RECORDED DATA:
++++

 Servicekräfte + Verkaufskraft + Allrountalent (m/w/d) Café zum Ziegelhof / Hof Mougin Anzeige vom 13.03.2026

++++

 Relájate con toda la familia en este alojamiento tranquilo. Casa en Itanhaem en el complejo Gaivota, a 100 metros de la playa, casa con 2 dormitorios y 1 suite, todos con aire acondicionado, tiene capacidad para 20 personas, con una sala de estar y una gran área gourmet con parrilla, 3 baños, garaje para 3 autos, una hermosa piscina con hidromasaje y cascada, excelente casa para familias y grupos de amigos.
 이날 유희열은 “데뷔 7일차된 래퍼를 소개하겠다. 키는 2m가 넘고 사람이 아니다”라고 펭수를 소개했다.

++++

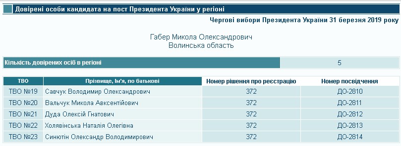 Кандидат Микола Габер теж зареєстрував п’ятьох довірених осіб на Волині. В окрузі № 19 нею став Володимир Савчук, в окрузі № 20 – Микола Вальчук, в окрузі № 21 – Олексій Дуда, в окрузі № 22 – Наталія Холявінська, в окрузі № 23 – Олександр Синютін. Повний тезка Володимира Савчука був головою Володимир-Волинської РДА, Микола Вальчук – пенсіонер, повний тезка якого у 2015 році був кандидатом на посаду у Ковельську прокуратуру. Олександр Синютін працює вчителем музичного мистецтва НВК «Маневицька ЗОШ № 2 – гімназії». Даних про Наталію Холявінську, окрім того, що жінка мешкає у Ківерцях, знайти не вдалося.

++++

WHAT THIS TASK INVOLVES:
From the entries above, restate word for word the lines from the line containing "Relájate con toda" to the line containing "7일차된 래퍼를 소개하겠다.", both ends included, and nothing more.

RESPONSE BOX:
 Relájate con toda la familia en este alojamiento tranquilo. Casa en Itanhaem en el complejo Gaivota, a 100 metros de la playa, casa con 2 dormitorios y 1 suite, todos con aire acondicionado, tiene capacidad para 20 personas, con una sala de estar y una gran área gourmet con parrilla, 3 baños, garaje para 3 autos, una hermosa piscina con hidromasaje y cascada, excelente casa para familias y grupos de amigos.
 이날 유희열은 “데뷔 7일차된 래퍼를 소개하겠다. 키는 2m가 넘고 사람이 아니다”라고 펭수를 소개했다.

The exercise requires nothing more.